What's a reputable site to order a BJJ gi? I would really hate waiting eleventybillion months before I get my order.


----------



## thetruth (Oct 9, 2008)

Nolerama said:


> What's a reputable site to order a BJJ gi? I would really hate waiting eleventybillion months before I get my order.



http://www.budovideos.com

http://www.brazilianfightwear.com 
I got mine from here.  Postage is excellent and had it within 2 weeks


----------



## Steve (Oct 9, 2008)

If you're looking for an Atama gi, you can get 15% off at http://www.bjjgi.net by using the coupon code "STEVE". 

Douglas is a good guy just getting started and he'll definitely treat you well.  He's an authorized Atama dealer and can get you any of the Atama gear, even if it's not on his site.


----------



## Nolerama (Oct 10, 2008)

right on. thanks, all.


----------



## MJS (Oct 10, 2008)

Nolerama said:


> What's a reputable site to order a BJJ gi?
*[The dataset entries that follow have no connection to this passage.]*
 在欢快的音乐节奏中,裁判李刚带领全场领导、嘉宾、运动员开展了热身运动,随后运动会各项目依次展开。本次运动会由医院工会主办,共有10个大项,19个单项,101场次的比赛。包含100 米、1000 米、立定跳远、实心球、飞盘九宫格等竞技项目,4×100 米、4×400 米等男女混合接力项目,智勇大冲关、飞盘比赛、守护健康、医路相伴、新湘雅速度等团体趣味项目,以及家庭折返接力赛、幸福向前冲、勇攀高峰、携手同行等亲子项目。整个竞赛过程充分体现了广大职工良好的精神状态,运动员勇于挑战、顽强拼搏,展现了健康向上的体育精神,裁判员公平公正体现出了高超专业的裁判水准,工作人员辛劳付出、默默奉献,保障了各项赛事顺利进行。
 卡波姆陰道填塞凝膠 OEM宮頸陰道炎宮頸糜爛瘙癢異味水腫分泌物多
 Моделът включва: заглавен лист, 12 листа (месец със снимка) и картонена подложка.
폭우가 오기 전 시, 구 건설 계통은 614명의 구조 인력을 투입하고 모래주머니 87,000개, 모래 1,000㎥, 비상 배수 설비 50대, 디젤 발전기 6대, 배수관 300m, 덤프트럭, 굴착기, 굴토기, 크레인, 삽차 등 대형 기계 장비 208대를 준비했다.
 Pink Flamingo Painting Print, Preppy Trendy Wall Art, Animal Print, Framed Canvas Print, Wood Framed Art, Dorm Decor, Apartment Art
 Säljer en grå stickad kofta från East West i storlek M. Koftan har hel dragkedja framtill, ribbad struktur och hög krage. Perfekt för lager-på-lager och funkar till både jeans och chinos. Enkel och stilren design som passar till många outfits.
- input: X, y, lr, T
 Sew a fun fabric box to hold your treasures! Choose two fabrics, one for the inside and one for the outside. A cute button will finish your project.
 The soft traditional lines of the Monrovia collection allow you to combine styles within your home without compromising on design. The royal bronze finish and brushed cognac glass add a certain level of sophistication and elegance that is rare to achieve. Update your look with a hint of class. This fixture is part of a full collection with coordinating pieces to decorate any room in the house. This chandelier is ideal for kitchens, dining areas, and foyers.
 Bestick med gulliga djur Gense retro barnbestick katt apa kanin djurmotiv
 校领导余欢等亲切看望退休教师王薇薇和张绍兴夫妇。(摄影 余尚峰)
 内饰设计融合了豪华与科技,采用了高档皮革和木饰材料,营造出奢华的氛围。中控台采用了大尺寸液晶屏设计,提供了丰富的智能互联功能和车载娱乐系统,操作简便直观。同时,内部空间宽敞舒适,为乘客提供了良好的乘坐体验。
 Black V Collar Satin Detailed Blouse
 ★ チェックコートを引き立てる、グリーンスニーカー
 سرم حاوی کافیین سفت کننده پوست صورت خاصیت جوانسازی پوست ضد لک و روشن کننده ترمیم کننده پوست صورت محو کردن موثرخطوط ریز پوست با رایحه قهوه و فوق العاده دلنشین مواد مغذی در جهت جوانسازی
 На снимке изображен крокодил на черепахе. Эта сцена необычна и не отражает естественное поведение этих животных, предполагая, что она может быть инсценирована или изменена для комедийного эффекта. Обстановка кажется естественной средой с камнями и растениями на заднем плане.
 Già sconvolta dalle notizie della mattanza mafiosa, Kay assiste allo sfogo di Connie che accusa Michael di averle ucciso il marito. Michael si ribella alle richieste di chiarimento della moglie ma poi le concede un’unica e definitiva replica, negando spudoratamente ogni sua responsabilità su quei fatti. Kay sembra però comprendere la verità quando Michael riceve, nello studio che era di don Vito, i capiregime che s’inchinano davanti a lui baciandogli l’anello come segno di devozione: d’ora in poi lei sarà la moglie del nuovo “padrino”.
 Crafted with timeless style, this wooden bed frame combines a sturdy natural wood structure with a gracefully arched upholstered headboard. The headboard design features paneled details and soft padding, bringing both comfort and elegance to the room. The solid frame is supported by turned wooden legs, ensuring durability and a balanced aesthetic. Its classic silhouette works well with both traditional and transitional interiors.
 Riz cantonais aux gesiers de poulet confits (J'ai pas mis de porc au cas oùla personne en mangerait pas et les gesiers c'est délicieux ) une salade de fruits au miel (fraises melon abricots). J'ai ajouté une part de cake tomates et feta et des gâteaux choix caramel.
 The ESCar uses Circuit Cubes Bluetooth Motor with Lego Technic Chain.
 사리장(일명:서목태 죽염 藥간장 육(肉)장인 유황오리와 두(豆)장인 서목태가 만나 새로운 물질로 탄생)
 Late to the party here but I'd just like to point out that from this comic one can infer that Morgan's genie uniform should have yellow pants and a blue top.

I would really hate waiting eleventybillion months before I get my order.


 
Here is one you can check out.


----------



## Steve (Oct 10, 2008)

MJS said:


> Here is one you can check out.


Gameness gis are terrific, but you can usually do better price wise shopping around rather than buying directly from the company.  I have a Gameness Pearl and it's one of my favorite gis to wear.   

Also, if you're buying from a smaller vendor, don't hesitate to send an email asking about potential discounts.  Sometimes, they are contractually obligated to post specific prices for their gear but can make deals or offer discounts if you ask.  Often, the company won't do this.  

Of course, beware of offers that are too good to be true.


----------